La sortie médiatique de De Decker n'est pas du goût de De Vos. (Montage Reporters/Belga)
Cinq jours après le car-jacking mortel dans sa commune, Armand De Decker (MR) s'alarme dans La Libre Belgique de la montée de la violence à Bruxelles et demande la création de centres pour jeunes avec encadrement militaire.
Le bourgmestre d'Uccle et président du Sénat explique notamment que, dans sa zone de police, "95% des jeunes que nous arrêtons (...) sont libérés dans la journée". Et d'insister sur la nécessité de créer 100 places supplémentaires dans les Institutions publiques de Protection de la Jeunesse (IPPJ), mais aussi de se poser la question: "Avons-nous réussi l'intégration des jeunes d'origine étrangère?". Pour De Decker, la réponse est non.
"Faire sentir que la justice est là"
Pour faire face à cette délinquance des jeunes, le sénateur MR remet sur la table l'idée de créer des "centres d'éducation renforcés avec encadrement militaire". Selon De Decker, la prison n'améliore pas les gens: "Il faut un centre de resocialisation avec un cadre autoritaire où les jeunes sentent que la justice est là et qu'on ne rigole plus."
Le bourgmestre d'Uccle estime que les jeunes délinquants de 20 ou 24 ans doivent être "rattrapés". "Cela ne va pas se faire en prison ni dans une IPPJ, où on part voir des matches de football, le week-end..."
Cette proposition n'est pas nouvelle.

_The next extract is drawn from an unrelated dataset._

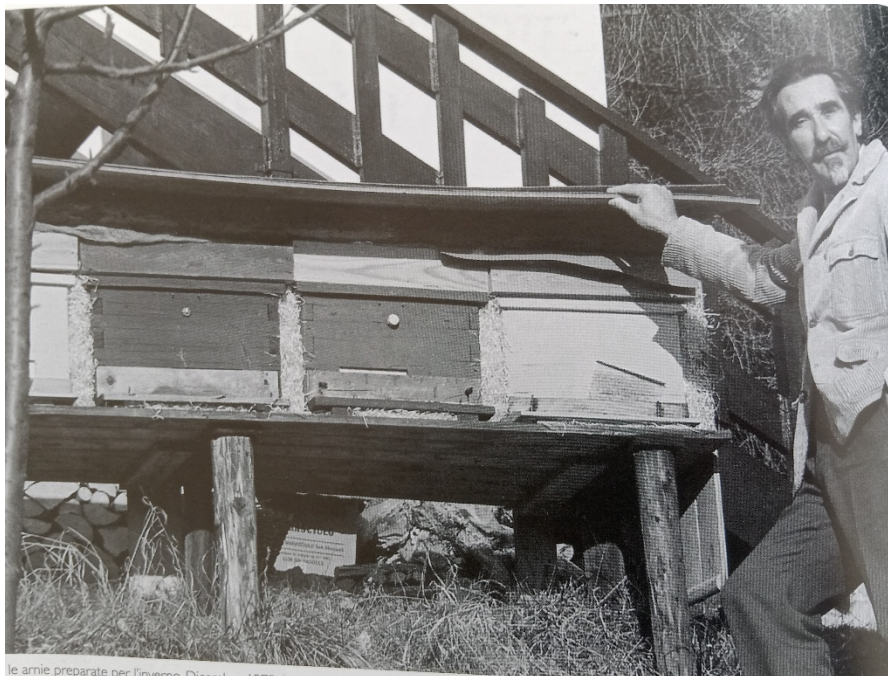
Fig. 6. Rigoni e le sue arnie

Ancora più in là, c'è lo spazio per il canile che Mario menziona in Uomini boschi e api e che diventa l'ambiente per un piccolo miracolo naturale. Riguarda una passera che doveva emigrare con il suo stormo, ma che si attarda e si fa sorprendere dall'inverno. Una notte Mario sorprende il suo cane, Cimbro, in un atto di solidarietà animale: «da sotto le ciglia innevate potei vedere che lui, tra le zampe e il letto, si teneva al caldo la passera scopaiola». 39

Elle s'était vue opposer une fin de non-recevoir il y a trois ans. Mais pour De Decker, le contexte a entre-temps changé.
De Vos: "Ils sont avant tout précarisés"
Ce n'est pas vraiment l'avis du délégué général aux droits de l'enfant en Communauté française, Bernard De Vos. Ce dernier a réagi à Matin Première en qualifiant d'inopportune cette sortie médiatique. "Bruxelles n'est pas en état de guerre", a-t-il dit.
Selon le délégué aux droits de l'enfant, le rôle de l'armée n'est pas d'éduquer les jeunes. "Chacun son métier", a souligné Bernard De Vos qui regrette la prise de position sécuritaire de De Decker. "Les jeunes délinquants n'ont pas exclusivement besoin de force et d'autorité, ils sont avant tout précarisés", a-t-il dit, estimant qu'il fallait agir en matière d'éducation, de logement et d'emploi.